--- WHAT IS EXPECTED ---
Look in the listing below for the line that has "奥様の好みのインテリアを反映", then return it and each following line up to and including the one with "From March through", exactly and without pictures.

--- RECORD EXCERPTS ---
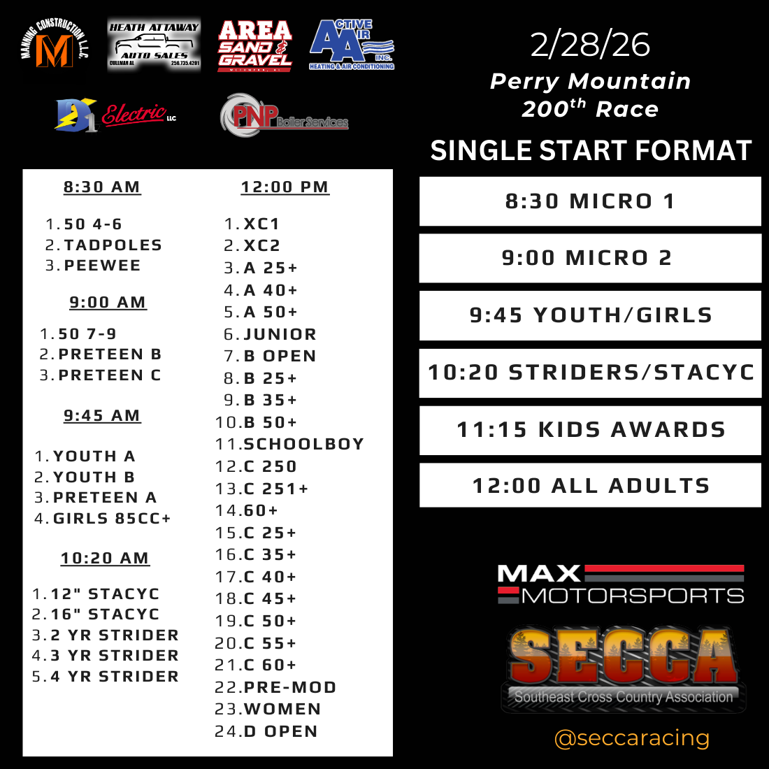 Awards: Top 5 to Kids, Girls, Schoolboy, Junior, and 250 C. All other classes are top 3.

---

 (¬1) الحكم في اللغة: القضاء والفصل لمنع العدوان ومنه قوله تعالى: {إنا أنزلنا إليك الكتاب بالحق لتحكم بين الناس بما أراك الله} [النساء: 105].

...

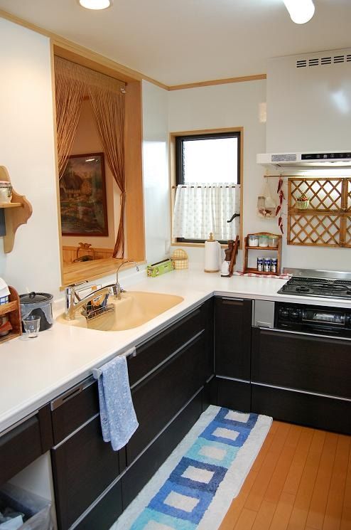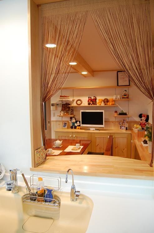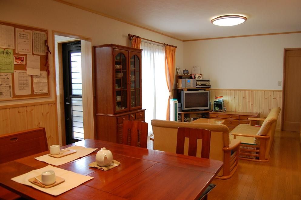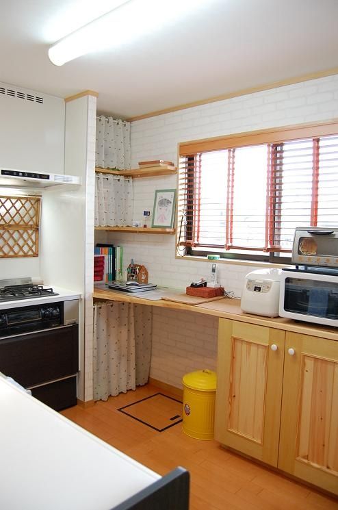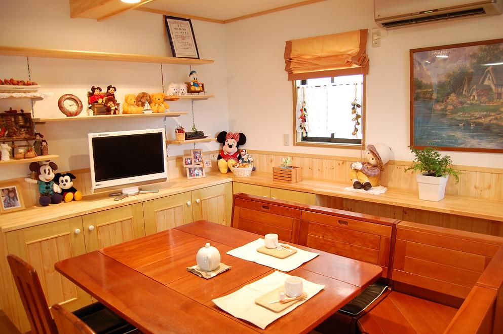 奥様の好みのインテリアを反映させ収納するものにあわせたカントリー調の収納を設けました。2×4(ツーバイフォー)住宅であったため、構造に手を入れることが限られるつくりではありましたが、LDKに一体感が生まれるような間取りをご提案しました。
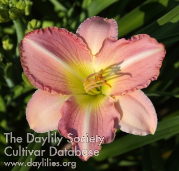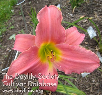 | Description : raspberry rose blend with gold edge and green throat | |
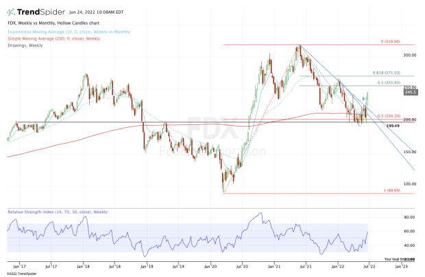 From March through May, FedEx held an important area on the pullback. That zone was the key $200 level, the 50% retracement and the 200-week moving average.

--- SOLVED EXERCISE ---
 奥様の好みのインテリアを反映させ収納するものにあわせたカントリー調の収納を設けました。2×4(ツーバイフォー)住宅であったため、構造に手を入れることが限られるつくりではありましたが、LDKに一体感が生まれるような間取りをご提案しました。
 | Description : raspberry rose blend with gold edge and green throat | |
 From March through May, FedEx held an important area on the pullback. That zone was the key $200 level, the 50% retracement and the 200-week moving average.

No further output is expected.